Fourth Quarter 2013 Highlights
· | Net income attributable to common stockholders of $170,874, or $0.02 per diluted common share |
· | Book value attributable to common stockholders of $16.66 per common share at December 31, 2013 as compared to $16.56 per common share at September 30, 2013 |
· | FFO of $711,323, or $0.07 per diluted common share (see Non-GAAP Financial Measures) |
· | Recorded $557,000 in reversals of allowance for loan losses and $111,000 provision for loan losses ($446,000 net reversal) |
· | Recorded $666,000 in impairment losses on real estate properties |
· | The Company repurchased 367,050 shares of its common stock at an aggregate cost of $4.56 million including commissions, or a weighted-average cost of $12.43 per share |
Year 2013 Highlights
· | Completed reorganization on May 20, 2013 in order to qualify as a real estate investment trust for federal income tax purposes |
· | Began trading on the NYSE MKT on July 1, 2013 |
· | Declared 2013 common dividends of $0.25 per share |
· | Net income attributable to common stockholders of $8,732,897, or $0.78 per diluted common share |
· | FFO of $937,980, or $0.08 per diluted common share (see Non-GAAP Financial Measures) |
· | Completed the full or partial sale of six real estate properties for net proceeds of $11,052,000 and gain on sale of $2,943,000 |
· | Recorded $7,913,000 in reversals of allowance for loan losses and $91,000 provision for loan losses ($7,822,000 net reversal) |
· | Recorded $666,000 in impairment losses on real estate properties |
· | The Company repurchased 403,910 shares of its common stock at an aggregate cost of $5.02 million including commissions, or a weighted-average cost of $12.44 per share |
“2013 was an important year for Owens Realty Mortgage.

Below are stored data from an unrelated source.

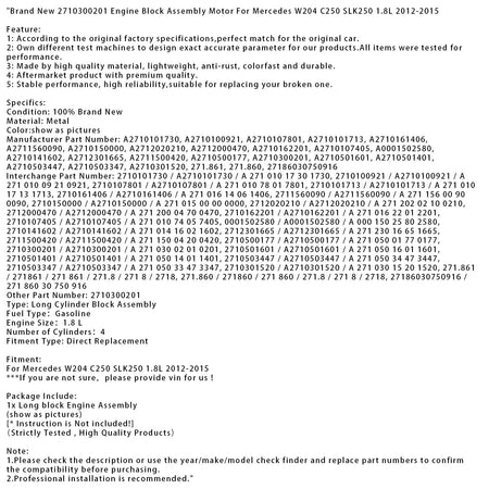 Neuer Motorblock (Teilenummer 2710300201) passend für Mercedes W204 C250 SLK250 1.8L (Baujahre 2012–2015)
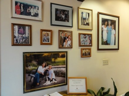 Familiebillederne på væggen i receptionen
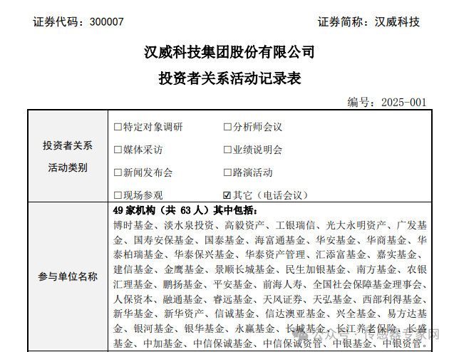 115日,漢威科技獲49家投資機構調研,人形機器人領域相關傳感器產品,尤其是旗下蘇州能斯達公司柔性傳感器產品,備受投資者關注。漢威科技透露柔性傳感器產品產線飽和,2025年將投入新產線運行。
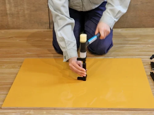 どちらかの角を先に全て叩きこまず、両側均等に少しずつ叩き込むようにします。
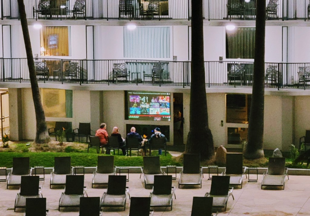 Because the convention starts some actual events on Thursday evening, most of our friends had arrived (or were about to) by the time we got back to the hotel, so we spent the rest of the day catching up with various friends, most of whom we hadn’t seen in person for two years. Oh, how great that was! A few of us (the three of us, plus our friends Jason and Barsky) had dinner at JW Steakhouse, the swankier of the restaurants in the hotel. My HiHo lunch kept me pretty full for most of the day, but I enjoyed sampling some of the charcuterie we got, plus a bowl of French onion soup. It was amazing to be sharing a meal with great friends! Afterwards, I picked up my convention badge and poked my head into the convention’s traditional Thursday night ice cream social for a few minutes before heading back for an evening of socializing with more friends in our suite of rooms.
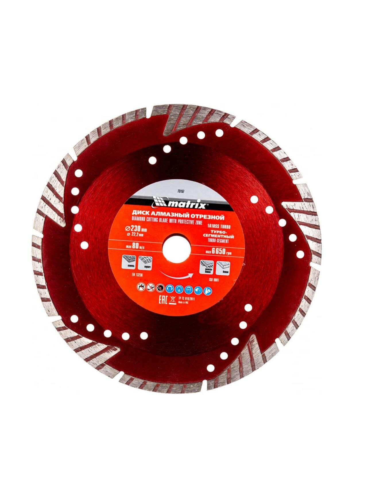 Диск алмазный, отрезной сегментный с защитными сект, 230 х 22.2 мм, сухая резка Matrix Professional 73157

Having successfully completed the merger of Owens Mortgage Investment Fund into the Company and the listing of our common stock on the NYSE MKT, we have directed our efforts to resuming lending activities and the continued development and improvement of certain properties held in the portfolio, and the disposing of our real estate assets at opportune times. Although less than a year since our conversion to a REIT, we have made positive progress towards achieving these goals.” stated William Owens, the Company’s Chairman and CEO.
Fourth Quarter and 2013 Financial Results
The Company reported net income attributable to common stockholders of $170,874 or $0.02 per basic and diluted common share for the three months ended December 31, 2013 as compared to a net loss of $(1,922,420) or $(0.17) per basic and diluted common share for the corresponding quarter of the prior year. The fourth quarter 2013 net income attributable to common stockholders includes recognition of previously deferred gain of approximately $233,000 from the sale of the office and condominium units in Oakland, California in 2013 due to a partial repayment of the carryback loan in the amount of $1,554,000 during the quarter, approximately $446,000 of income from the reversal of the provision for loan losses primarily related to a decrease in the specific loan loss allowance on one loan due to a new appraisal obtained that indicated a higher fair value of the securing collateral, and impairment losses of approximately $666,000 recognized on two real estate properties as a result of new appraisals obtained.
For the year ended December 31, 2013, the Company reported net income attributable to common stockholders of $8,732,897 or $0.78 per basic and diluted common share as compared to net loss of $(1,679,820) or $(0.15) per basic and diluted common share for the year ended December 31, 2012.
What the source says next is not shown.